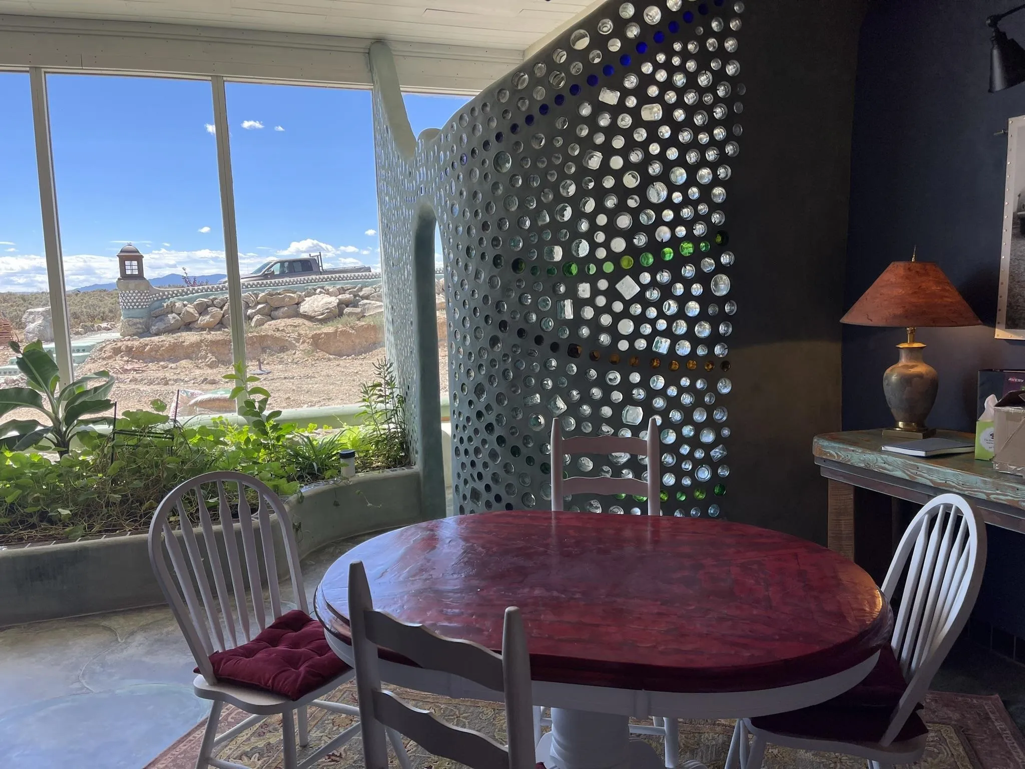 The Atlantis Earthship is ready to provide autonomous living for all peoples. The latest Unity model form the world famous Michael Reynolds is a living breathing sculpture. This 2 bedroom, 2 bath home sits on 3 acres with a veranda overlooking a mini gorge. It’s fully sustainable and off grid with a greenhouse. Keeps one warm all winter and cool in the summer.
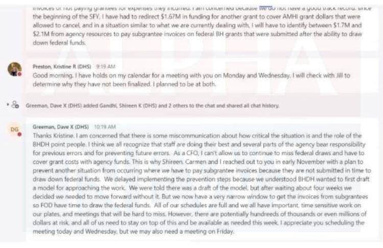 His message, which appeared to place blame on the agency’s behavioral health division, also said, “As a CFO, I can’t allow us to continue to miss federal draws and have to cover grant costs with agency funds.”
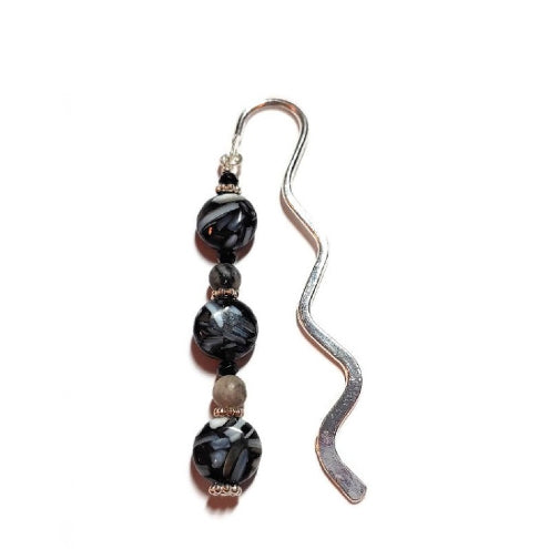 Black, Gray and White Beaded Bookmark

What you should do: Apart from the images, every line above is to be given again exactly.

Exercise answer:
 The Atlantis Earthship is ready to provide autonomous living for all peoples. The latest Unity model form the world famous Michael Reynolds is a living breathing sculpture. This 2 bedroom, 2 bath home sits on 3 acres with a veranda overlooking a mini gorge. It’s fully sustainable and off grid with a greenhouse. Keeps one warm all winter and cool in the summer.
 His message, which appeared to place blame on the agency’s behavioral health division, also said, “As a CFO, I can’t allow us to continue to miss federal draws and have to cover grant costs with agency funds.”
 Black, Gray and White Beaded Bookmark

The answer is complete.